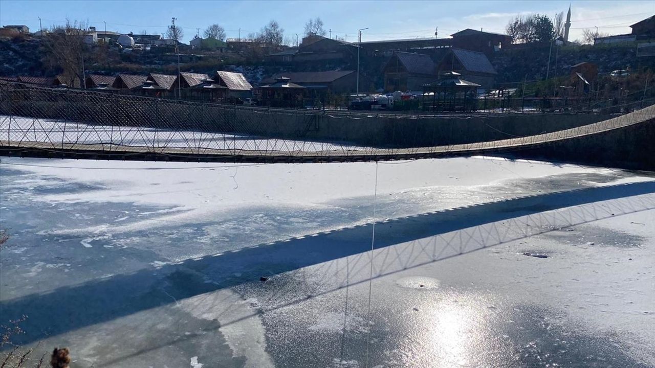 İl merkezindeki Kura Nehri ve Alabalık Deresi'nin yüzeyi buzla kaplandı.
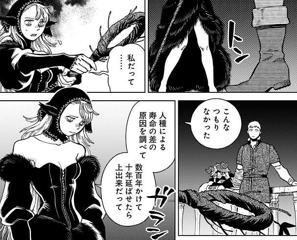 その直後、マルシルは叫ぶのを止めて、こんなつもりなかった、人種による寿命の佐野原因を調べて、数百年かけて十年延ばせたら上出来だって、とマルシルは元々考えていた考えをライオスに話します。
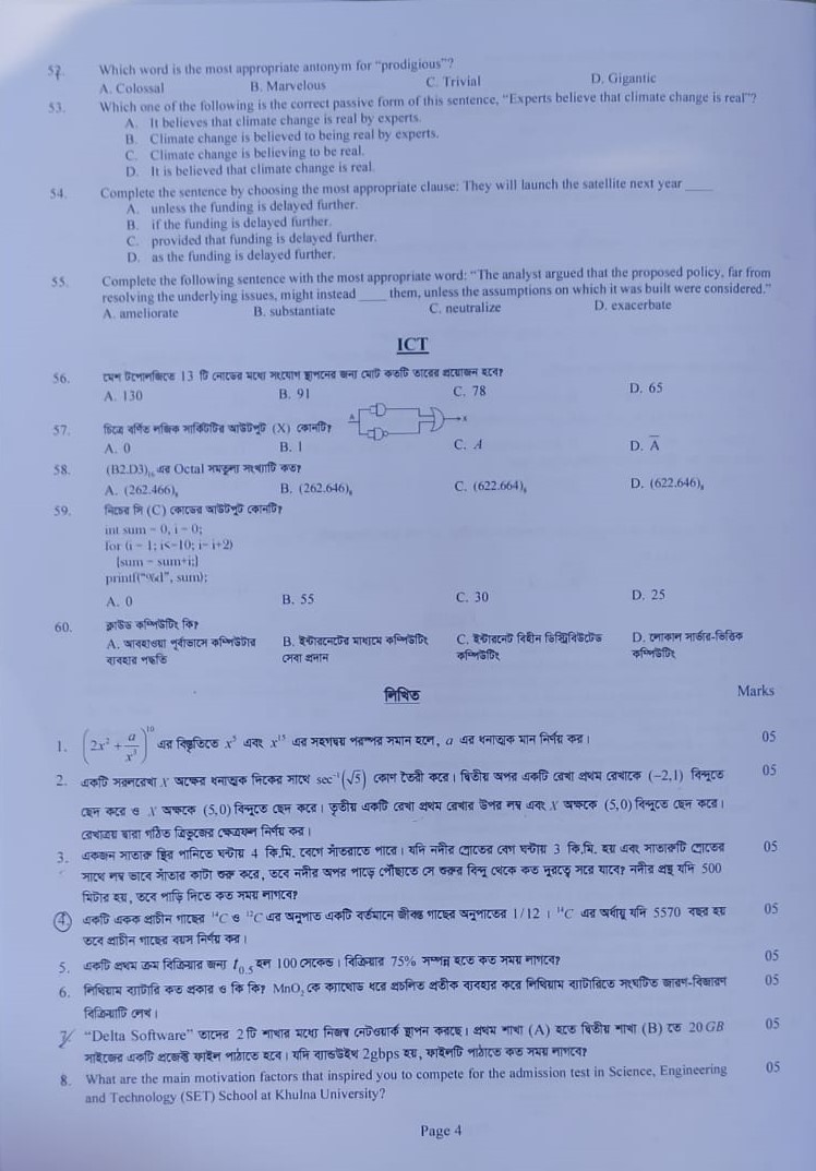 খুবি ‘এ’ ইউনিটের ভর্তি পরীক্ষা শেষ, প্রশ্ন দেখুন
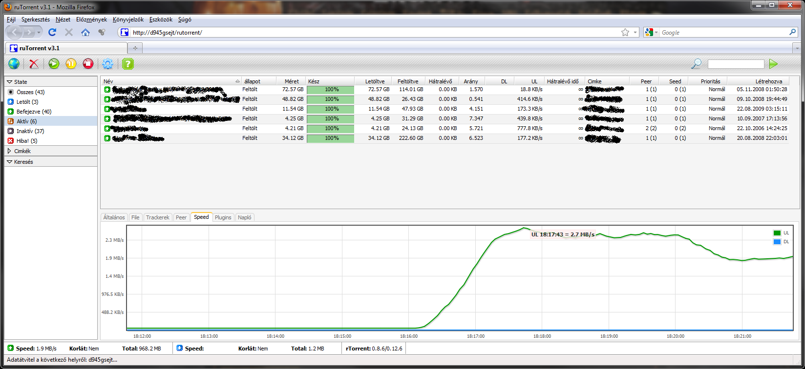 Probald ki Laca amikor hasit a torrent, de nem am 1 letoltes. Legalabb 2-3 user, mindegyik user 5-6 aktiv letoltessel,es kb.1000 kapcsolat engedelyezessel user-enkent.Persze legyen is ennyi aktiv seeder. Na,es most probalj meg sambazni.Ehhez szerintem keves mar az atom, de te kiprobalhatod.Nem lattam a cpu load plugin-t a bal also sarokban.Nem telepitetted fel?
----
Retype the line containing "その直後、マルシルは叫ぶのを" and all lines after it to the end of the material, exactly as written, leaving out any pictures.

PROBLEM SOLUTION:
 その直後、マルシルは叫ぶのを止めて、こんなつもりなかった、人種による寿命の佐野原因を調べて、数百年かけて十年延ばせたら上出来だって、とマルシルは元々考えていた考えをライオスに話します。
 খুবি ‘এ’ ইউনিটের ভর্তি পরীক্ষা শেষ, প্রশ্ন দেখুন
 Probald ki Laca amikor hasit a torrent, de nem am 1 letoltes. Legalabb 2-3 user, mindegyik user 5-6 aktiv letoltessel,es kb.1000 kapcsolat engedelyezessel user-enkent.Persze legyen is ennyi aktiv seeder. Na,es most probalj meg sambazni.Ehhez szerintem keves mar az atom, de te kiprobalhatod.Nem lattam a cpu load plugin-t a bal also sarokban.Nem telepitetted fel?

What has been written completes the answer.